= EXERCISE =
Look in the data below for the line that has "1月22日(火) 2年生の生", then print exactly every line from there through the line that has "Эта повязка может", leaving pictures out.

= DATA LISTING =
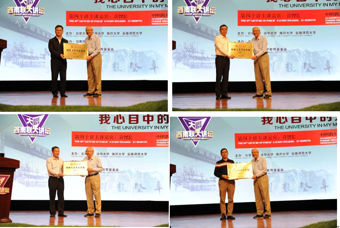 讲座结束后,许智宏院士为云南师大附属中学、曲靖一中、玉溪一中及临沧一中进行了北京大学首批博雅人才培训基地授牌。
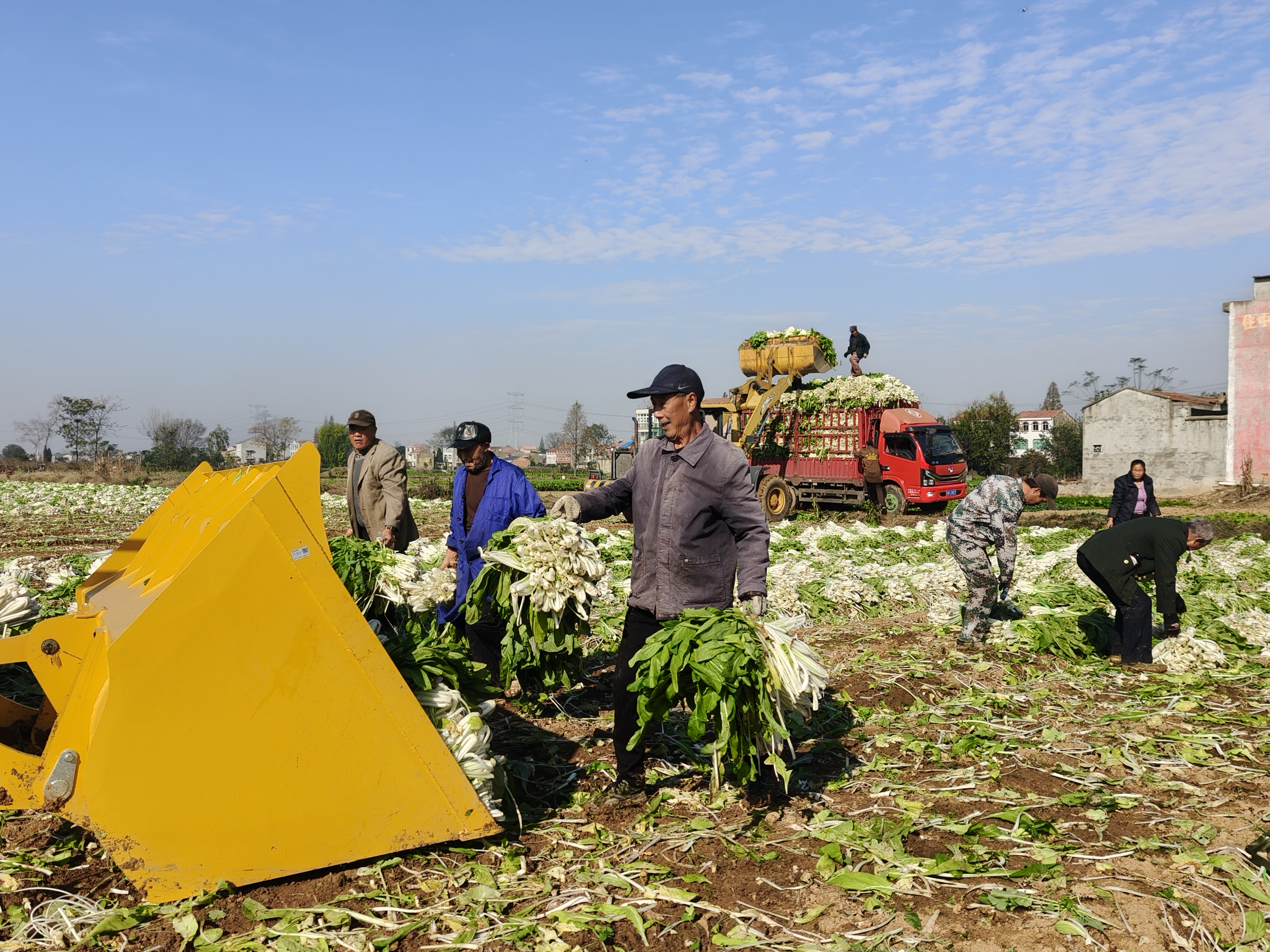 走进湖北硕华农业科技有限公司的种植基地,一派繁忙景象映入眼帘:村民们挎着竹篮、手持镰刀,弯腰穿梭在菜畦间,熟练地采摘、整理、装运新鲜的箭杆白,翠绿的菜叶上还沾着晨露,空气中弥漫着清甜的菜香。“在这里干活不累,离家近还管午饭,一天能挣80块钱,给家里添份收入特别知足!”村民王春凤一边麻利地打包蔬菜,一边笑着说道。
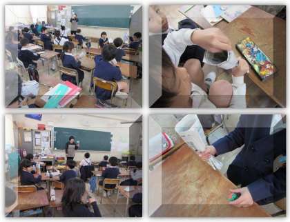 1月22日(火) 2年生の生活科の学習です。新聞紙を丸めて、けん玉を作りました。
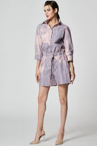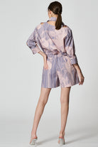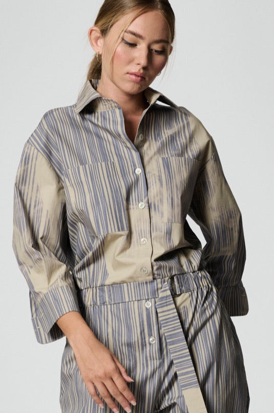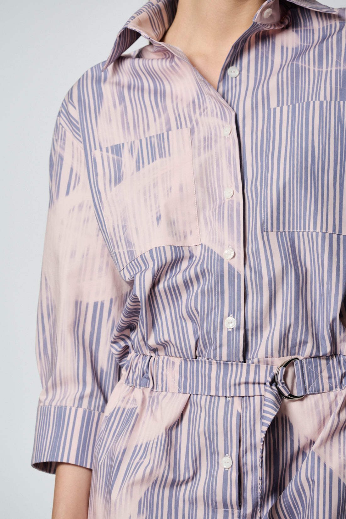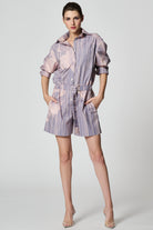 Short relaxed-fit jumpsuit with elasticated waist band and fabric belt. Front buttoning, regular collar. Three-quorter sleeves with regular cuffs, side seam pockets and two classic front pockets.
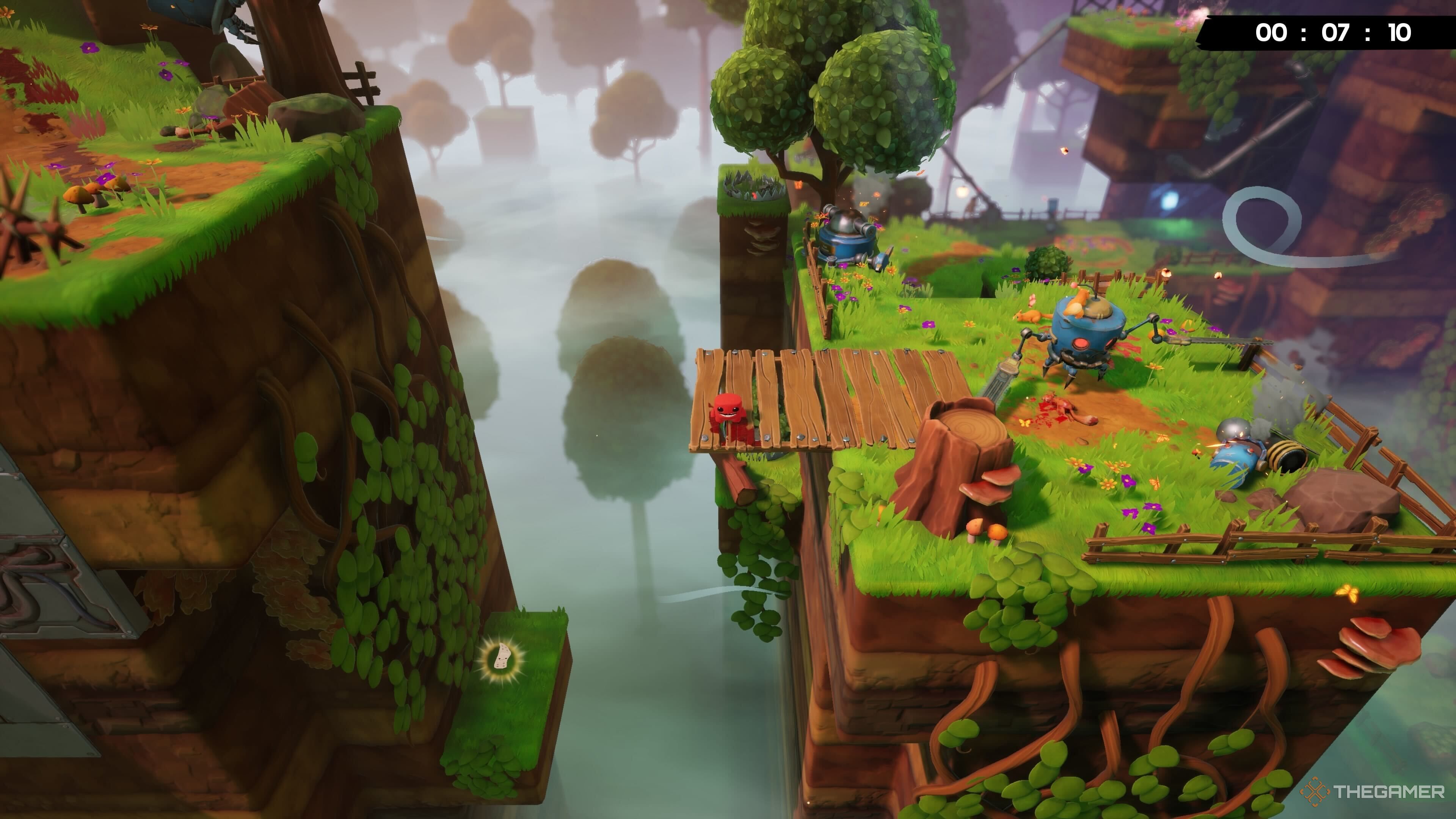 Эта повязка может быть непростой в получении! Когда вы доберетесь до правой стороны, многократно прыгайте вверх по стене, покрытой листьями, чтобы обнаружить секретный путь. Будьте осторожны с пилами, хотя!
==
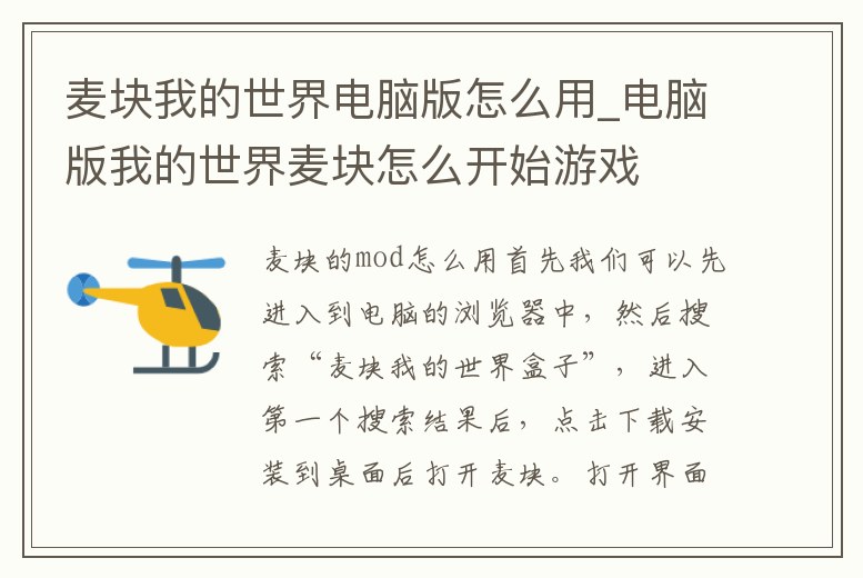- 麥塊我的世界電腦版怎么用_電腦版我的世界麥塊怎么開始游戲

= SOLUTION TO THIS TASK =
 1月22日(火) 2年生の生活科の学習です。新聞紙を丸めて、けん玉を作りました。
 Short relaxed-fit jumpsuit with elasticated waist band and fabric belt. Front buttoning, regular collar. Three-quorter sleeves with regular cuffs, side seam pockets and two classic front pockets.
 Эта повязка может быть непростой в получении! Когда вы доберетесь до правой стороны, многократно прыгайте вверх по стене, покрытой листьями, чтобы обнаружить секретный путь. Будьте осторожны с пилами, хотя!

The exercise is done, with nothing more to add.